Monday, March 18, 2013

Sports and other adventures

Since I arrived, I was really keen on attending at least one soccer (football) match while I was here. La Paz has two teams: Bolivar and The Strongest. The Strongest were lined up to play Brazil’s Atletico Mineiro – a team that no other than Ronaldhino plays on, and a couple of friends were already buying tickets so they picked up an extra one for me. Not only did I get to catch a game here, but I also got the chance to see Ronaldhino. Tickets were pricier because of the star factor but even after splurging on the more expensive tickets (“Preferencia”), they still cost Bs100, which is approximately $14 USD so for most who have been to games in Canada, this was a great price. The only downside was that seats are not numbered so it is best to arrive early in order to secure a good spot – which we did not do and ended up spending the first half of the game watching from behind the players area (with their bench covers, we could only see the pitch at one end), we did move for the second half and caught the game from sitting higher up in an aisle.

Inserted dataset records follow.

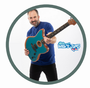
Will's Jams Musician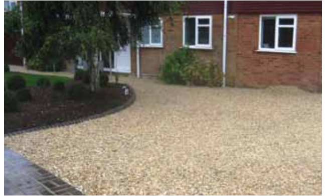
Filled with angular gravel creating an attractive reinforced permeable surface that retains the gravel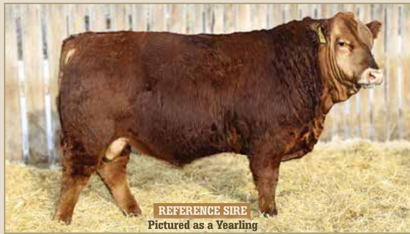
REFERENCE SIRE Pictured as a Yearling

With his enthralling mass, this eye appealing bull has proven his capabilities of producing progeny that we have seen reflected in the bull pen and as a good investment in our replacement heifer pen too! Good Deal was mated with some of our top performing females, the results speak for themselves! We look forward to 7 bred Good Deal females to lend to our calving pens this spring! A Good Deal son sold for $16,000 at our 2025 bull sale for Wiebes commercial herd!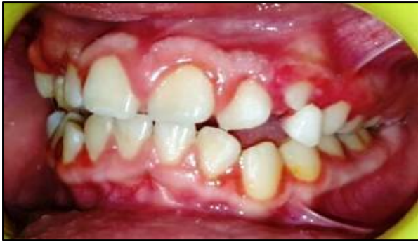
Figure 7: Post-operative left lateral view.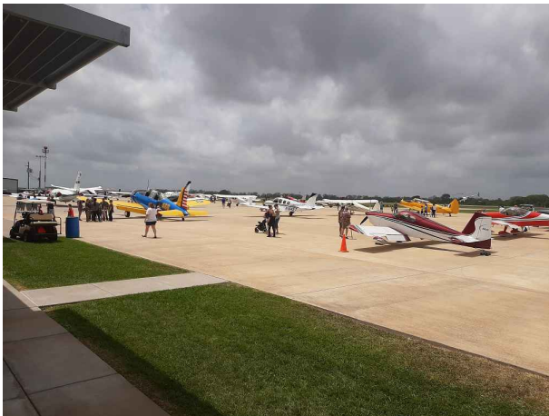
Over 60 fly-in aircraft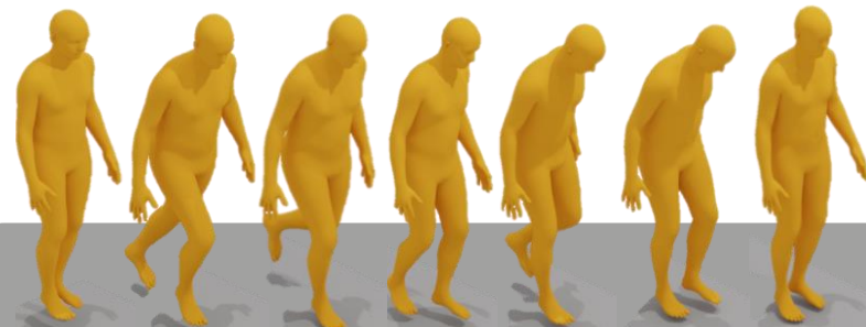
A figure stumbles forward clumsily.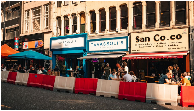
New Briggate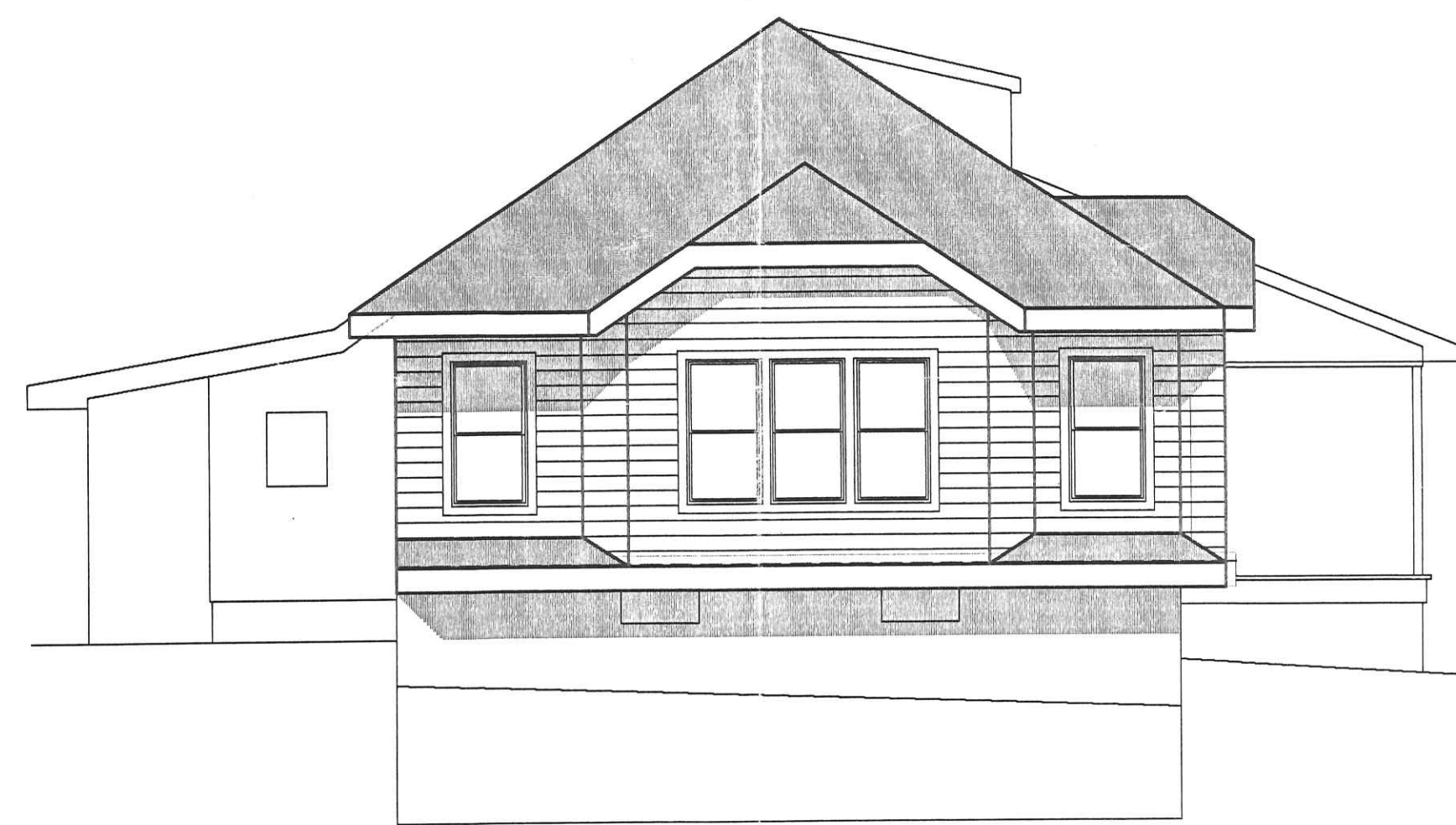
SIDE ELEVATION SCALE: 3/16"=1'-0"

For a little while, a group of us had been planning on cycling from El Alto to Lake Titicaca, which is about 60kms. Our plan was to rent bikes from Geo Trek, located on calle Sagarnaga, on Friday evening after work. At $17 USD for the day, I wasn’t too sure what condition the bikes might be in but I was keen on giving it shot. Efrain and Delfin are amazing! The two of us who were renting ended up with some well taken care of bikes that were ready for our adventures the following morning.
We were aiming to catch a bus at 7am that would take us up to El Alto where we would begin our ride… that was before an evening that started off with dinner but ended up catching up with friends in a watering hole called “Abbey Road”, then to check out this other bar that none of us had been to (nothing to really write home about), then a quest for some dancing that had us stopping by a friend’s restaurant “Maphrao On”, where some of La Paz’ best DJs were celebrating the birthday of one of their own with spinning some great music…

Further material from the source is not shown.